Heb je het idee dat bewoners er prettiger door in hun vel zitten? “Zeker. Een grappig voorbeeld is dat een bepaalde bewoner er in het begin de meeste weerstand tegen had. Vanaf het begin zei zij dat zij er echt geen gebruik van ging maken. ‘Ik heb er behoefte aan dat, wanneer ik ’s nachts wakker lig, een fysiek iemand mij gerust komt stellen,’ zei ze. We hebben haar van meet af aan meegenomen in het hele verhaal en zij is nu degene die het meest gebruikmaakt van DigiContact en er absoluut de voordelen van inziet. Het is heel snel en direct. Je pakt je laptop of tablet, tikt erop en stelt jouw vraag. Daardoor is ze meteen gerustgesteld. Bij DigiContact weten ze ook allemaal wie zij is en dat zij dat nodig heeft. Al belt ze 100 keer, dat is helemaal niet erg.
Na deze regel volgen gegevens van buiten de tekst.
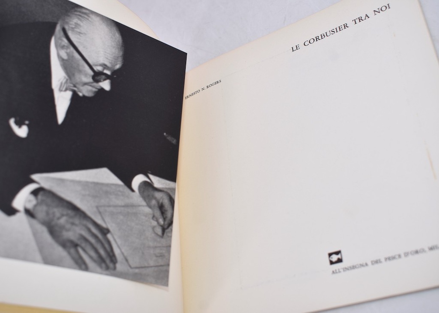 Prima edizione, tiratura di 1500 copie n.n. Brossura editoriale con ill. al piatto e ritratto di Le Corbusier appl. in antiporta. Testo della Commemorazione tenuta alla Facoltà di Architettura di Milano il 26 maggio 1966.
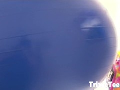 Trixie Teen stretching exercise and remove her bra showing her perfect breast. She exercise with big
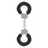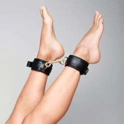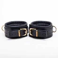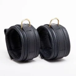 Chevillères molletonnées en cuir noir de la collection Dèmonia avec sur lanière doté d’un anneau doré.
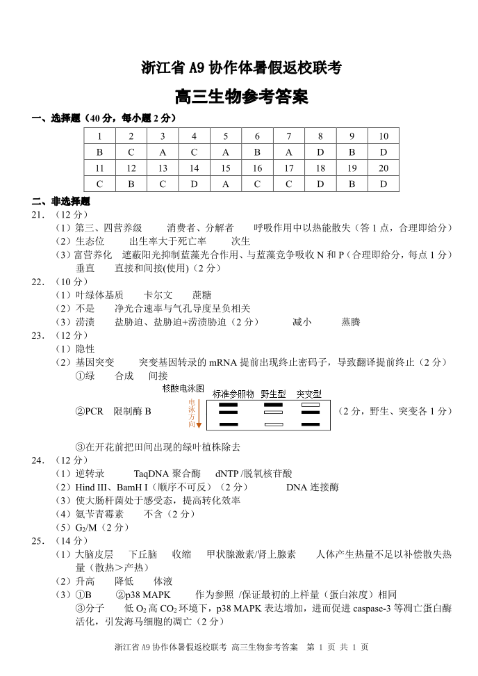 浙江省A9协作体2025届2024年8月高三年级八月暑期返校联考 生物答案
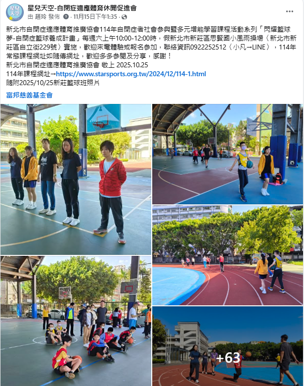 一、計畫背景與目的 本協會致力於支持自閉症者的全人發展, 透過多元化的課程提升其社交互動能力、身體協調性與自我信心. 本次感謝「富邦慈善基金會」的補助, 順利開辦「閃耀籃球夢-自閉症籃球養成計畫」, 希望藉由團體運動的形式, 讓自閉症患者簡稱星兒在結構化且安心的環境中練習體能與社交技巧, 並體驗團隊合作的正向能量. 二、課程資訊 課程名稱:閃耀籃球夢-自閉症籃球養成計畫 上課時間:每週六上午 10:00–12:00 課程期間:10次課程 共20小時 授課地點:新北市新莊區思賢國民小學 新北市新莊區自立街229號 授課師資:專業籃球教練與特教背景助教共同指導 三、課程內容與教學方式 課程內容以基礎體能、籃球技巧與團隊合作為三大核心, 並配合學員需求進行逐步引導: 1. 暖身與基礎體能訓練 透過伸展、步伐訓練與簡易跑步增進協調性與耐力. 2. 籃球基本技巧練習 包含運球、傳球、投籃、腳步移動等, 由簡入深地帶領學員建立正確動作模式. 3. 小組合作活動 藉由兩人一組的遊戲、接力傳球等活動練習社交互動、輪流等待與合作技巧. 4.實戰體驗與小型比賽 在第10次課程舉辦簡易比賽, 讓星兒將所學應用於真實情境中, 提升成就感. 教學團隊和志工全程採用視覺提示、口語簡化、示範動作與個別協助的方式, 確保每位星兒都能在安全且有支持的環境中參與. 四、星兒參與情況與學習成果 本期課程共24名自閉症學員參與,大多能全程投入活動,顯示高度興趣與學習動機. 主要成果如下: 1. 動作協調性與體能顯著提升 多數星兒在運球穩定度、投籃動作與方向感上有明顯進步. 2. 團隊合作能力增強 在傳球與比賽時, 逐漸能與同伴互動, 表現出主動協助或回應他人的行為. 3. 社交互動改善 星兒開始願意與同儕打招呼、輪流等待或分享球具比課程初期更加成熟. 4. 自信心提升 多位家長回饋, 他們的孩子在課程後變得更勇於嘗試運動與參與團體活動. 五、家長回饋與觀察 家長普遍反映孩子每週都期待上籃球課, 並提到籃球班讓孩子在課堂外也願意持續練習. 部分家長表示孩子的情緒調節與作息也因規律運動而變得更穩定. 六、計畫成效與後續建議 閃耀籃球夢-自閉症籃球養成計畫成功達成預期目標, 為學員提供安全、有趣且具成長性的運動環境.建議未來持續規劃進階班別, 讓不同能力的孩子都能獲得適切挑戰; 同時增加親子合作,促進家庭支持與運動習慣養成. 七、致謝 感謝富邦慈善基金會的補助支持, 使本協會得以推動本次籃球課程, 讓星兒透過運動展現潛能並獲得寶貴成長. 我們將持續努力, 提供更多優質服務與課程, 陪伴每一位星兒穩健前行.

Het werkt dus juist heel erg goed voor haar.”

Begeleiders weten dat zij gehoord worden en antwoord krijgen op hun vraag.
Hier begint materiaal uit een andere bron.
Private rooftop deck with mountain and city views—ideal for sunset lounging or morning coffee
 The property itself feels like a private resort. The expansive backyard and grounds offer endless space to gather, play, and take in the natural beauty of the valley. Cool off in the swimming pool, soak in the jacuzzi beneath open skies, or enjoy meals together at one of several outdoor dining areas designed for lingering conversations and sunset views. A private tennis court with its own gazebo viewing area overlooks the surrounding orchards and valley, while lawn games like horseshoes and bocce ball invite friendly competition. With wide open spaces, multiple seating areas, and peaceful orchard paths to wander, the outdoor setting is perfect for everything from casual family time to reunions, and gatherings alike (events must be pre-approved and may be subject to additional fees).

Er is een optie voor begeleiders om steun te vragen bij DigiContact. Zou je kunnen vertellen hoe dat gaat? “Begeleiders hebben inderdaad ook de mogelijkheid om advies te vragen aan DigiContact-medewerkers. Soms zitten zij in een lastige situatie, voelen ze zich niet vertrouwd en hebben ze even feedback nodig. Dat gebeurt vaak op momenten dat net je laatste collega vertrokken is of vlak voordat je gaat slapen. Medewerkers bellen dan DigiContact en vertellen dat ze ergens mee zitten of twijfelen of ze iets wel goed hebben gedaan. Ze vragen tips over hoe ze iets kunnen aanpakken. Ik zie dat terug en hoor ook terug van medewerkers dat ze er op die manier gebruik van maken.”

Hoe ervaren medewerkers dit? “Begeleiders voelen zich ondersteund door die samenwerking met DigiContact. Dat komt ook doordat ze weten dat er heel goed geschoold personeel zit. Zij weten dus dat zij daar gehoord worden en een goed antwoord krijgen op hun vraag.”

De combinatie van het fysieke kernteam en DigiContact draagt veel bij aan de zelfstandigheid van bewoners.

Kun je een voorbeeld geven van een positief effect van deze gecombineerde vorm van begeleiding?  “Ja, dan kom ik even terug op de bewoner waar ik het net over had. Zij hing heel erg aan haar moeder en vertrouwde ook heel erg op haar. Ze hadden van tevoren er wel echt hun bedenkingen bij dat ze hier ging wonen en vroegen zich af of ze zich wel ging redden. Ze voelden zo erg die afhankelijkheid, ook van elkaar. Het grappige is dat de bewoner, vanaf het moment dat ze hier kwam, gebruikmaakt van DigiContact en het fysieke team en ze is enorm gegroeid. Dat is echt ongelofelijk. Haar moeder had er in het begin wel moeite mee dat ze nu iemand anders heeft om mee te praten, maar ze heeft nu echt ingezien dat het zo’n goede stap voor haar geweest is om haar te laten wonen op een locatie als deze. Het heeft zoveel bijgedragen aan haar zelfstandigheid en ze doet nu hartstikke veel. Ik hoorde net dat ze als vrijwilliger werkt op een andere locatie. Dat hadden ze van tevoren echt nooit verwacht.”